Records from a data collection
⟨

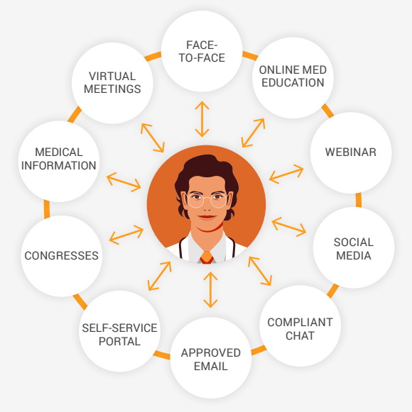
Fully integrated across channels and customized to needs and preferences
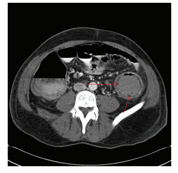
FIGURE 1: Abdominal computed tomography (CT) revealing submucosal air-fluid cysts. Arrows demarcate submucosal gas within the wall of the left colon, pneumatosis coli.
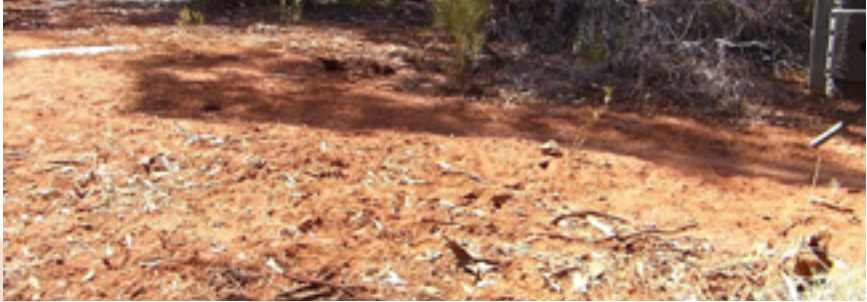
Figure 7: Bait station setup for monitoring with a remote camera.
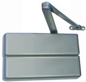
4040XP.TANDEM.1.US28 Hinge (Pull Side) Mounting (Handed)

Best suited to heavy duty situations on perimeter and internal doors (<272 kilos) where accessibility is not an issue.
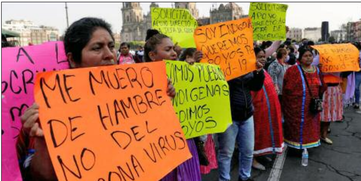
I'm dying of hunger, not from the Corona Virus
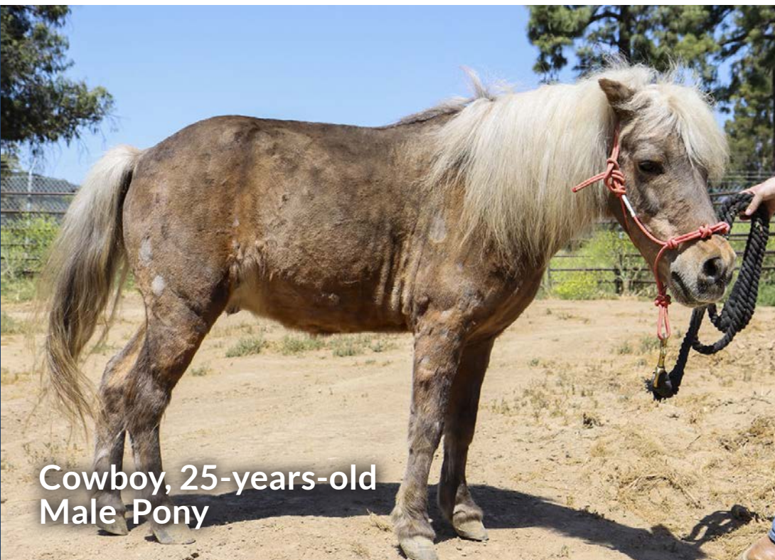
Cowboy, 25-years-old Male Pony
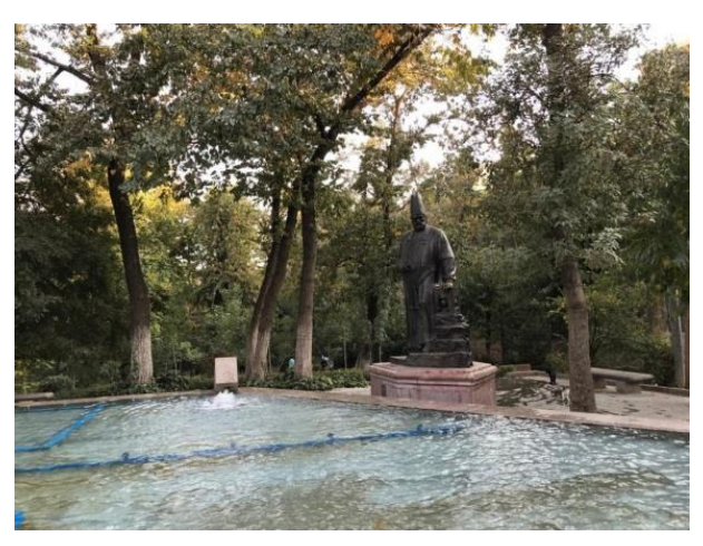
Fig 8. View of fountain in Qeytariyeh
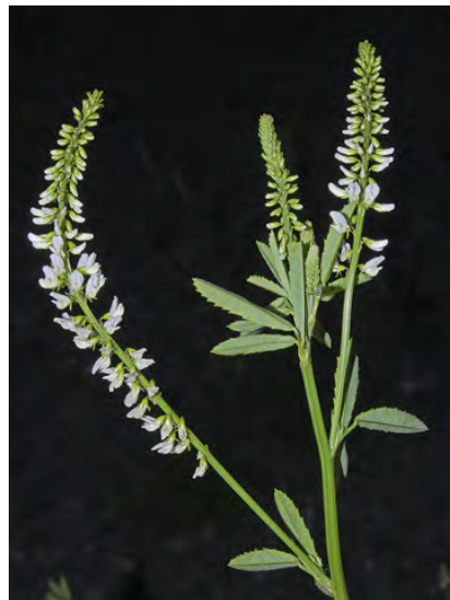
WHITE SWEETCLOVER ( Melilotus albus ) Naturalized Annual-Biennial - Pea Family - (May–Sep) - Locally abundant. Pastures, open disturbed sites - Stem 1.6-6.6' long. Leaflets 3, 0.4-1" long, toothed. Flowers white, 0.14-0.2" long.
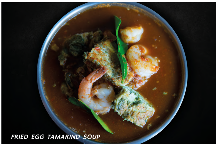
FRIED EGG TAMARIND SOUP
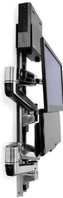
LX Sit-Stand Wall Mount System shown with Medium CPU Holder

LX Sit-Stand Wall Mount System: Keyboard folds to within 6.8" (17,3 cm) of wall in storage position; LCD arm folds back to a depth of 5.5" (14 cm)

⟩

◆ Directions:
With pictures excluded, the lines running from the one containing "Figure 7: Bait" through the last line of the records above are to be restated exactly and in full.

◆ Task answer:
Figure 7: Bait station setup for monitoring with a remote camera.
4040XP.TANDEM.1.US28 Hinge (Pull Side) Mounting (Handed)

Best suited to heavy duty situations on perimeter and internal doors (<272 kilos) where accessibility is not an issue.
I'm dying of hunger, not from the Corona Virus
Cowboy, 25-years-old Male Pony
Fig 8. View of fountain in Qeytariyeh
WHITE SWEETCLOVER ( Melilotus albus ) Naturalized Annual-Biennial - Pea Family - (May–Sep) - Locally abundant. Pastures, open disturbed sites - Stem 1.6-6.6' long. Leaflets 3, 0.4-1" long, toothed. Flowers white, 0.14-0.2" long.
FRIED EGG TAMARIND SOUP
LX Sit-Stand Wall Mount System shown with Medium CPU Holder

LX Sit-Stand Wall Mount System: Keyboard folds to within 6.8" (17,3 cm) of wall in storage position; LCD arm folds back to a depth of 5.5" (14 cm)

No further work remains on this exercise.